In a medium bowl, sift together flour, cornstarch, baking powder, baking soda, salt, and spices: cinnamon, ginger, nutmeg, allspice, cloves, orange zest. Set aside.
In a mixer bowl fitted with the paddle attachment, beat butter and sugar on medium speed until light and fluffy, about 3 minutes. Beat in egg & yolks, molasses, and vanilla extract just until combined. Reduce speed to low. Add the flour mixture and beat just until combined. Do not overmix or the cookies will turn out tough. When making the dough, if it feels dry, you can add a little bit of cold water or milk a little at a time, just until the dough comes together.
Form the dough into a ball, then flatten slightly to form a disc. Chill the dough for about 15 minutes to roll it out right away and start cutting cookies (easiest). If you don’t want to use the dough right away, you can refrigerate it for up to 3 days or freeze it for up to a month, then thaw it overnight in the fridge. Take the dough out of the fridge and let it sit on the counter for a few minutes to soften slightly for easy rolling.

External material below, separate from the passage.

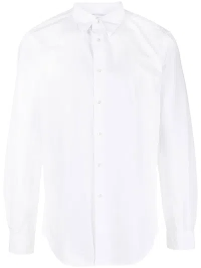 Linen Shirt With Pointed Collar And Rounded Hemline In White

On a lightly floured surface, roll the dough to a ⅛ or ¼-inch (3-5mm) thickness. Cut out into rounds using a 2-inch (5cm) fluted or round cookie cutter, and place the cookies on baking sheets lined with parchment paper. If at any point the dough becomes too warm, place it back into the fridge for a few minutes. Re-roll the remaining scraps and repeat.
Alternatively, roll into 1-inch sized round balls, place them on a parchment lined pan, and use a floured cookie stamp to press the cookies flat into a design.
Place sheets with cookies in the fridge for about 30 minutes, until firm, so that they will be less prone to spreading.
Preheat oven to 350F/180C. Bake for 6-8 minutes for small cookies or up to 10 minutes for larger cookies, or until cookies appear golden brown at the edges. Allow cookies to cool in the pan for 10 minutes, then gently transfer to a wire rack to cool completely.
Melt the milk chocolate chips in the microwave using the instructions on the bag. Chocolate should no longer have lumps and be easily spreadable. Spread the bottom half of the cookies with about a teaspoon of melted chocolate. Sandwich together with remaining cookies, pressing slightly so that the chocolate oozes out to the sides.